Even the reversals in trends in suicide and drug-related deaths within the past decade in Australia, while obviously welcome, do not necessarily mean an improvement in well-being. Continuing adverse trends in broader measures of psychological well-being, including suicidal behaviour, suggest that more young people are getting help, not that fewer now need help.
The sources of psychological and social problems in youth commonly include: difficulties with family, friends and school, including conflict, abuse, neglect and failure; dietary changes and environmental pollution; changes in adolescent transitions, including the emergence of a youth culture that separates young people from adults; socio-economic factors, such as poverty, disadvantage, inequality and unemployment; and cultural change, such as media influences and increasing individualism and materialism. These factors are not mutually exclusive, rather they represent different layers or levels of explanation that are often interrelated.
A central issue is not so much how well young people are coping with, or adapting to, these changes, but how and under what conditions young people’s wellbeing is maximised. “Resilience” and “the capacity to cope” imply an exposure to potentially adverse situations and circumstances. That most young people possess these qualities doesn't mean the effects of social change on human health and potential can be ignored.
Particularly important is the way that social changes, including the processes of fragmentation and individualisation, have increased uncertainty in young people’s lives. This uncertainty underscores a need to make sense of it all, and “make a life” for one’s self. Young people make their lives by using various resources, especially those drawn from trusted relationships, to create story lines about who they are and where their lives are leading.
Social changes feed into this narrative process in complex ways which cannot easily be captured in statistical associations. While the costs and benefits of social change are not evenly distributed in the youth population, nor are they confined to particular groups. Costs are being incurred across the social spectrum: from unemployed, poorly educated young men who are being excluded from social participation, to privileged, well-educated young women who are experiencing considerable stress because of high, and sometimes conflicting, expectations and aspirations.
Changes that affect everyone can, therefore, affect people differently and contribute to specific problems that only some experience.
The project’s achievements lie in identifying - and bringing out into the open - critical differences (“flashpoints”) in disciplinary perspectives, and in proposing “signposts” for further research and policy development.

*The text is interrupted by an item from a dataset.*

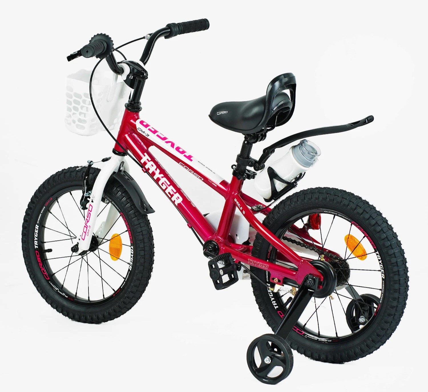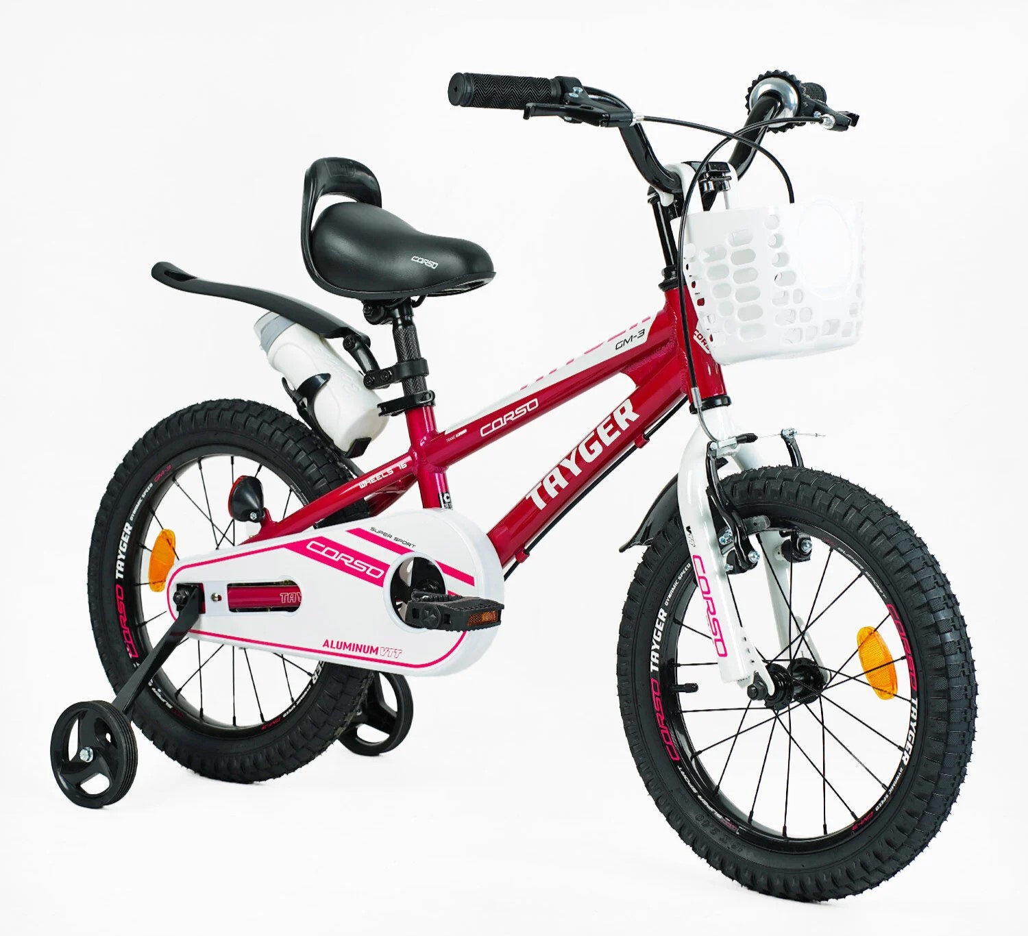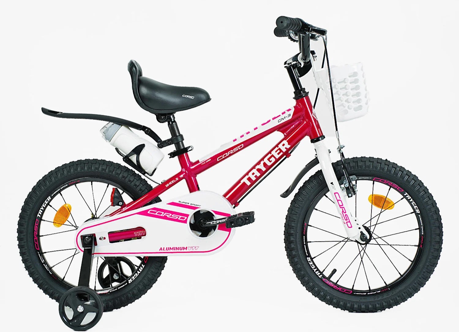 Дитячий велосипед 18 AL Corso «TAYGER» TG-21702 алюмінієва рама рожево-білий, ручне гальмо, дод. колеса, дзвоник, бутилочка
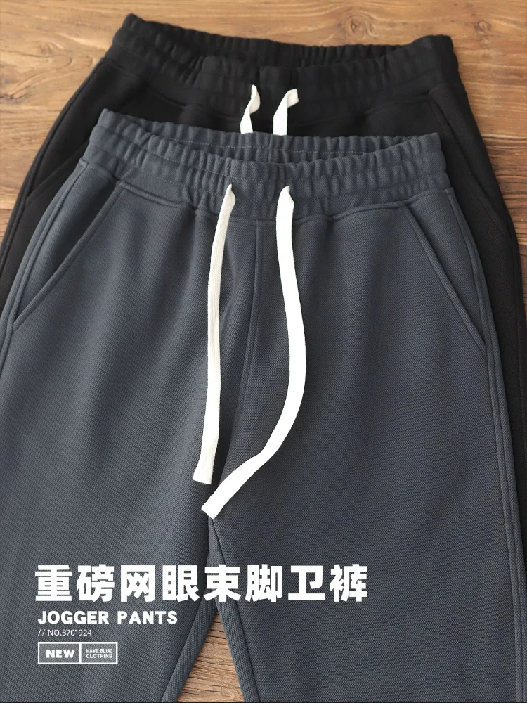Autumn Winter New American Retro Thick Knitted Sweatpants Men’s Simple Elastic Waist Drawstring Sport Casual Ankle-tied Pants

On the “flashpoints”, project participants did not agree on: whether trends in well-being can be generalised to describe generations; the extent to which different measures and findings can be explained and reconciled; the relative importance of social influences and individual agency in determining well-being; the social significance of recent research showing brain development continues into early adulthood; and whether potential and well-being are separate and distinct.
With respect to the “signposts”, the project suggests a need for a greater focus in both research and policy on the following if young people's situation is to be optimised: the “big picture” of the broad social changes reshaping life today; total health and well-being, not just ill health; the “mainstream” of youth, not only the marginalised and at-risk; and the social and cultural resources that are as important to well-being as material and economic resources.
Important too, the project’s findings highlight that the most effective policy responses will not be simply about attempting to enhance young people’s resilience, flexibility and adaptability and so to mould them to suit changing social circumstances. Realising young people’s potential and optimising their well-being also mean shaping social conditions to suit their needs.
We need to acknowledge that broad social changes do not “just happen”, but flow from the choices people make, individually and collectively; to question the often-assumed links between means and ends that underpin these changes; and to allow time for reflection, for conversations about the things that matter, and for asking questions as well as seeking solutions.